◆ **SUPPLIED INFORMATION**:
[Start of section]

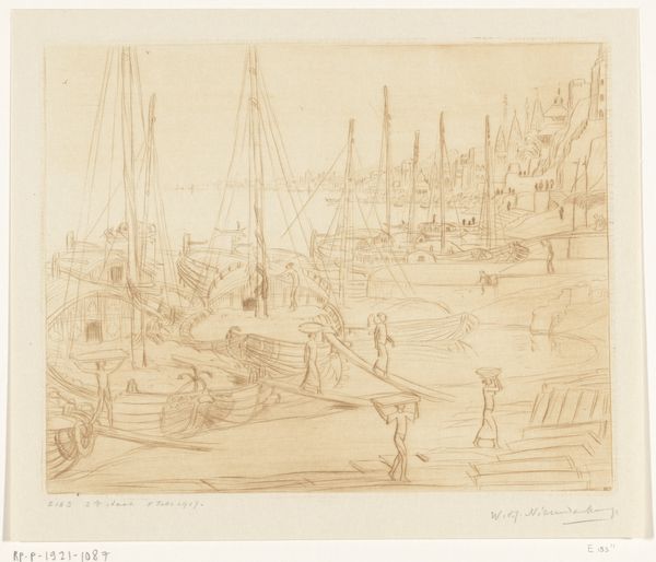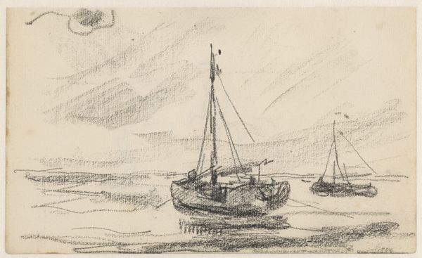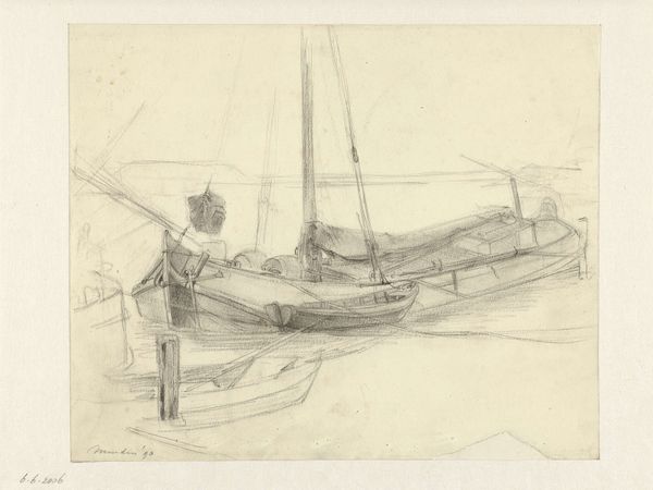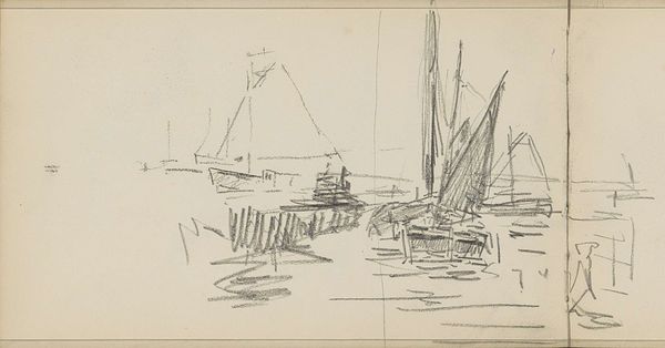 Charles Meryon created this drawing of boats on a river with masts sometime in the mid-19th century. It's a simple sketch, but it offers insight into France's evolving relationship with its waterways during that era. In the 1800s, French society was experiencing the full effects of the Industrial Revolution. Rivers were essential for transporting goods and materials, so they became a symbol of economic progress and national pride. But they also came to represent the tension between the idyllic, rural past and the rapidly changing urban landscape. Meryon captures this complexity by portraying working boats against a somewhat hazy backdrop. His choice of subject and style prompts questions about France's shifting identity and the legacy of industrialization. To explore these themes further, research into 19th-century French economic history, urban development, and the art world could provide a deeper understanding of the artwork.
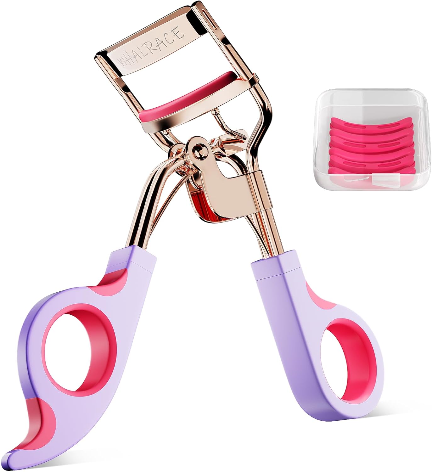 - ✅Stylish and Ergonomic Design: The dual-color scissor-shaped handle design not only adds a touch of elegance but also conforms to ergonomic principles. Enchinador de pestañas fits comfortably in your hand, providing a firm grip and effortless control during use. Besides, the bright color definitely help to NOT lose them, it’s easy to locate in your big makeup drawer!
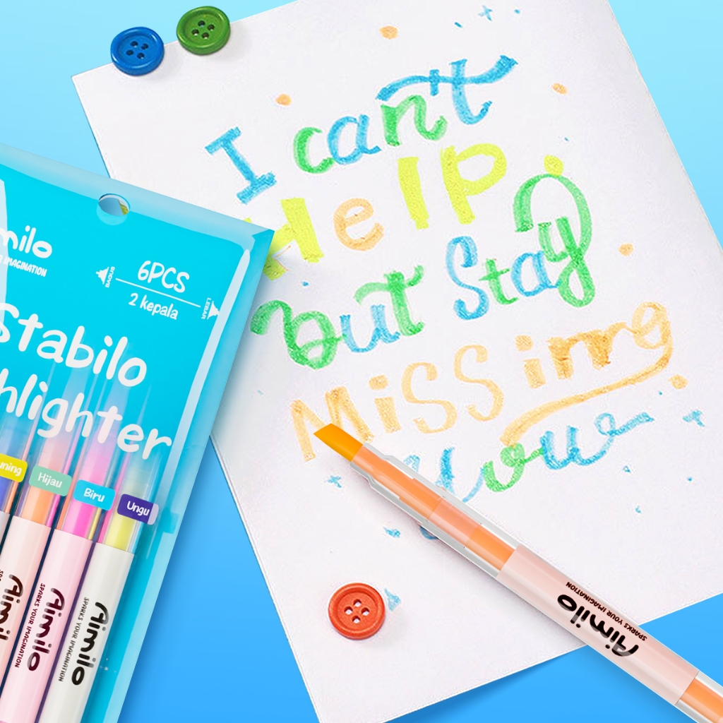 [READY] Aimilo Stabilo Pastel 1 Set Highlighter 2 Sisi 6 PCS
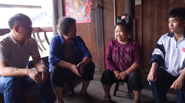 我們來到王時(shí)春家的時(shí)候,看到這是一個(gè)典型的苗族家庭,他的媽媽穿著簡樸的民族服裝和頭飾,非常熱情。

[End of section]

◆ **EXERCISE PROMPT**:
All of the material above should be written out exactly as given, minus any images.

◆ **ANSWER SPACE**:
 Charles Meryon created this drawing of boats on a river with masts sometime in the mid-19th century. It's a simple sketch, but it offers insight into France's evolving relationship with its waterways during that era. In the 1800s, French society was experiencing the full effects of the Industrial Revolution. Rivers were essential for transporting goods and materials, so they became a symbol of economic progress and national pride. But they also came to represent the tension between the idyllic, rural past and the rapidly changing urban landscape. Meryon captures this complexity by portraying working boats against a somewhat hazy backdrop. His choice of subject and style prompts questions about France's shifting identity and the legacy of industrialization. To explore these themes further, research into 19th-century French economic history, urban development, and the art world could provide a deeper understanding of the artwork.
 - ✅Stylish and Ergonomic Design: The dual-color scissor-shaped handle design not only adds a touch of elegance but also conforms to ergonomic principles. Enchinador de pestañas fits comfortably in your hand, providing a firm grip and effortless control during use. Besides, the bright color definitely help to NOT lose them, it’s easy to locate in your big makeup drawer!
 [READY] Aimilo Stabilo Pastel 1 Set Highlighter 2 Sisi 6 PCS
 我們來到王時(shí)春家的時(shí)候,看到這是一個(gè)典型的苗族家庭,他的媽媽穿著簡樸的民族服裝和頭飾,非常熱情。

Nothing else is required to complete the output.